I propose that, for most evangelicals, the Bible is the primary text from which we first derive at least an implicit political philosophy — because it is our primary text for understanding the world in general.
Two-thirds of the Christian Bible consists of what we call the “Old Testament.” And most of the Old Testament tells the story of an ancient nation-state called Israel. I believe it is no overstatement to claim that for millions of Americans, the meaning of nationhood is learned more fully from the Old Testament than from any civics or government class offered sometime along the way in school.
Many scholars have documented the impact that this immersion in the Bible has on evangelical attitudes toward the contemporary state of Israel. Fewer have emphasized the impact that such an immersion has on evangelical attitudes toward America.
I am coming to believe that most of the seemingly outrageous claims that theologically conservative politicians and ministers make about America flow from a political-moral imagination in which ancient Israel provides the template for the functions of a nation — any nation, including our own. The accounts offered in the historical books of the Old Testament, running from Joshua to II Chronicles in the Christian canon, are read with a kind of authoritarian literalist straightforwardness , producing the following basic understanding of nationhood:
— The source of the state of Israel was God, who brought it into being.
— The proper ruler of Israel is therefore also God, whose will is to be obeyed.
— Any earthly ruler of Israel has been appointed by God and is answerable to God alone.
— The wars of Israel are divinely ordained, and Israel’s troops are fighting for God.
— Setbacks for Israel are not coincidental but are God’s will — and are usually punishment for the nation’s sins.
Of course, this is only one version of how to understand biblical Israel, and it has been challenged, reworked, and revised in many ways through the centuries. Such revisions and reinterpretations have come within the canon itself, from the prophets, and later from Jewish and Christian biblical scholars and community leaders. Certainly it is not the way the modern state of Israel is understood by most of its own inhabitants.

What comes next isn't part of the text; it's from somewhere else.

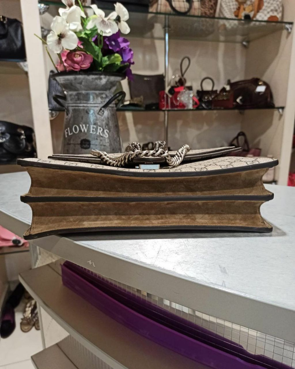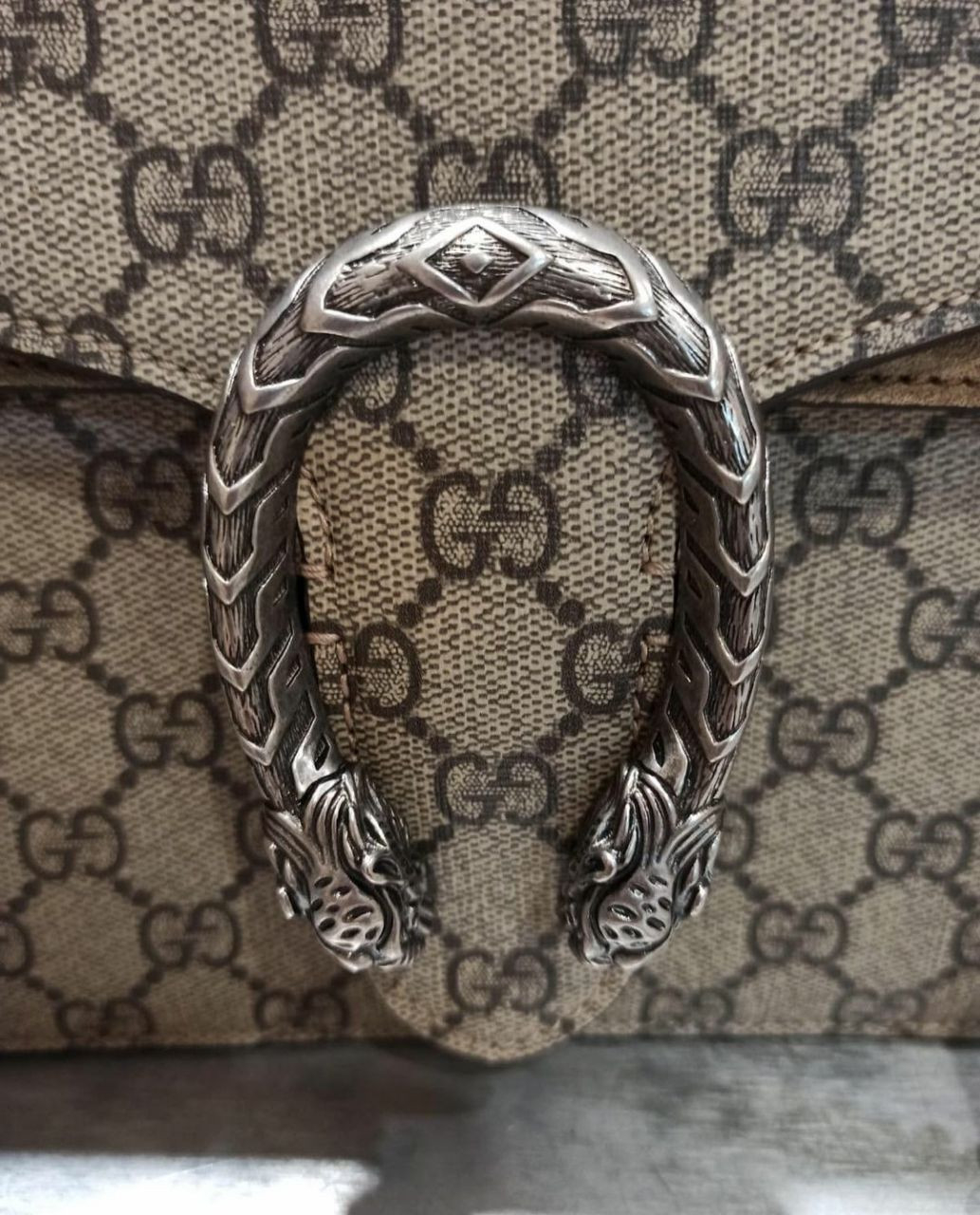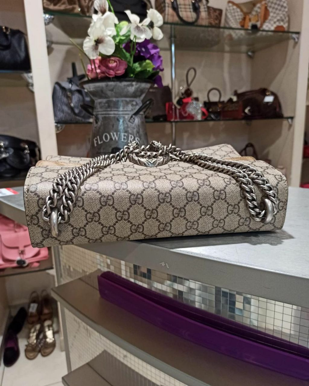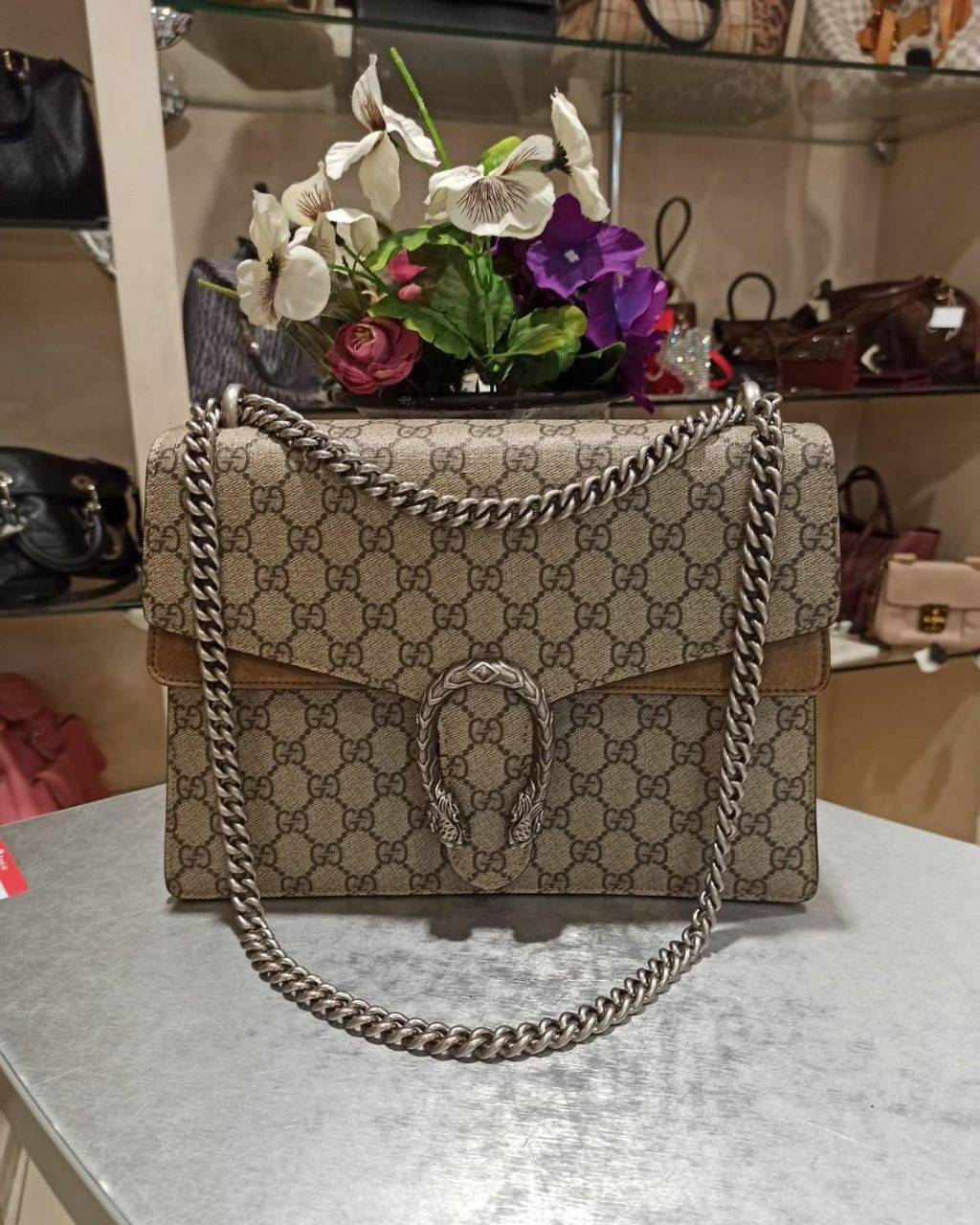 Authentic pre-owned Gucci GG Supreme Coated Canvas Medium Dionysus Shoulder Bag. Like new. Retail price 2650$. Crafted from classic GG canvas, this handbag from the Italian fashion house features an original clasp with tiger heads in antique silver tone. The accessory is completed with a chain strap, allowing to carry the product in different ways. Such an addition to the image will delight connoisseurs of fashionable and timeless designs.

Nor is it the understanding of America taught in our high school American government classes. (Well, actually, I have seen curriculum in private Christian schools that comes pretty close to this.) I am not sure that it is a self-consciously chosen vision of America even for a majority of evangelicals. But it goes deeper than that. It lies in our moral and political imagination.
This helps to explain why many conservative evangelicals persist in describing America as an especially God-blessed and God-called nation and why they persist in calling America as a nation “back” to obedience to the God in whom, says our currency, we trust. It also helps explain why they tend to envision at least their favored politicians as God-appointed and God-anointed leaders whom it is wrong to question or criticize, and why they often lift our wars to a kind of holy status and describe our warriors as doing the work of God. Finally, it helps explain why they often attribute national setbacks to divine punishment for our sins. They are, effortlessly and naturally, applying an ancient Israelite paradigm to the modern United States.
And remember, I am not just talking about rabid ideologues or those with a particular ideological ax to grind. I am suggesting that this is the native language of millions of grassroots evangelicals.
If this is true, the implications are enormous. I will name just one implication for evangelical churches, and one for all Americans.
Evangelical churches and their leaders need to read more widely in Christian theology and ethics to develop a theology of the state that considers seriously both the difference that Jesus makes and the difference between ancient, theocratic Israel and modern, democratic America.
Americans need to take seriously the fact that millions of their countrymen are operating from an implicitly theocratic paradigm into which Enlightenment-era American constitutionalism has only partially penetrated. They certainly need to know as much as possible about the political imaginations of those who seek the highest offices of the land.